I recently headed off from Jaffrey, New Hampshire to Norfolk, Virgina and, along the way, came upon some sites of Antarctic interest. Before the mind becomes too hazy, herewith some "Low-Latitude" sites:
The American Philosophical Society (032) http://www.amphilsoc.org/ in Philadelphia at 105 South Fifth Street, founded in 1743 largely through the encouragement of Benjamin Franklin, is the country's oldest learned society, its members including most of the founders of the Republic and seemingly everyone of note since then (Audubon, Darwin, Edison, Pasteur, Einstein, Frost, and over 200 Nobel prize winners). Among the polar members: Nansen, Kane, Wilkes, Peale, Nordenskjold, Byrd and Stefansson. Antarctic material constitutes a minuscule amount of the Society's extensive collections, housed in Library Hall, but what's there is worth knowing about: Much on the Wilkes Expedition including numerous sketches by Titian Ramsay Peale, only one of which is identifiable as having been done in Antarctic waters (a tiny, not very impressive watercolor of a ship, perhaps the Flying Fish); the papers of Robert Cushman Murphy (Logbook for Grace, 1912-13; Operation Deep Freeze, 1960 journal); some Byrd items; and the papers of the Committee on South Polar Exploration, 1909-10 (Edwin Swift Balch, an APS member and author of Antarctica, 1902, was chairman). [See J. Stephen Catlett's "Supporting and preserving polar history: The American Philosophical Society and its collections," in Fram: The Journal of Polar Studies I (1984): pp 297-310.]

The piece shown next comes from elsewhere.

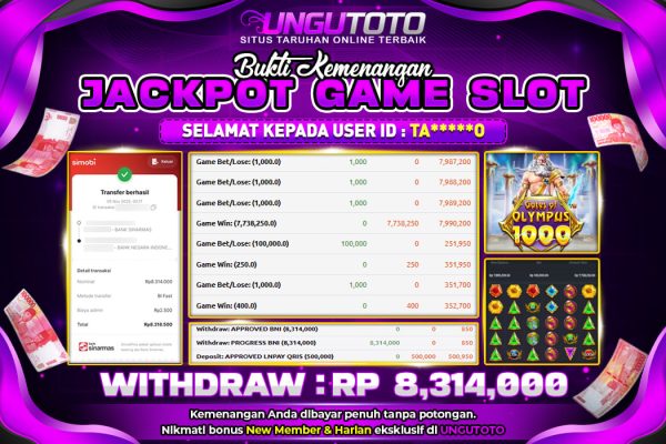 BUKTI WD TERBARU GAME : GATES OF OLYMPUS 1000 DEPOSIT : 500.000.- WITHDRAW : 8.314.000.- UNGUTOTO BANDAR JUDI TERPERCAYA BERIKUT PANDUAN CARA BERMAIN DENGAN AMAN Halo para penggemar judi online di Indonesia! Jika Anda sedang mencari bandar judi terpercaya UNGUTOTO menghadirkan pengalaman judi yang gacor dan amanah, Anda telah datang ke tempat yang tepat….
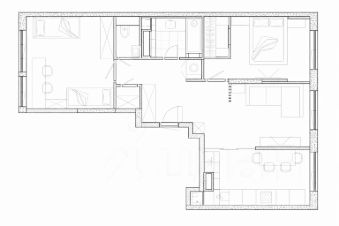 - две изолированные спальни: основная спальня с кроватью 160х200 и отдельной гардеробной, детская спальня с двумя односпальными кроватями 90х200;

Back in Episode 47 I noted the final Philadelphia resting spot of Richard Fanning Loper, Nathaniel Brown Palmer's second mate on the Hero. Born in Stonington, Connecticut in 1799, he died in Brooklyn, New York on the 7th of November 1880 and was buried in a family vault in the churchyard at Old St Paul's (251), Third Street below Walnut, only a block or two from the American Philosophical Society. Today, the church--deconsecrated and renovated--serves as the offices of Episcopal Community Services. Easily found a few paces south of the side entrance is the "vault," a large marble slab, set horizontally just above ground level. Just readable is the inscription: "R. F. Loper's Family Vault." Why Philadelphia, you might ask? His wife, Margaret "Marnie" Baird Loper was of a well-to-do Philadelphia mercantile family, and much of his business life was spent there. He was a warden of St Paul's. [My thanks again to Mary Thacher of Stonington for this added piece of information.]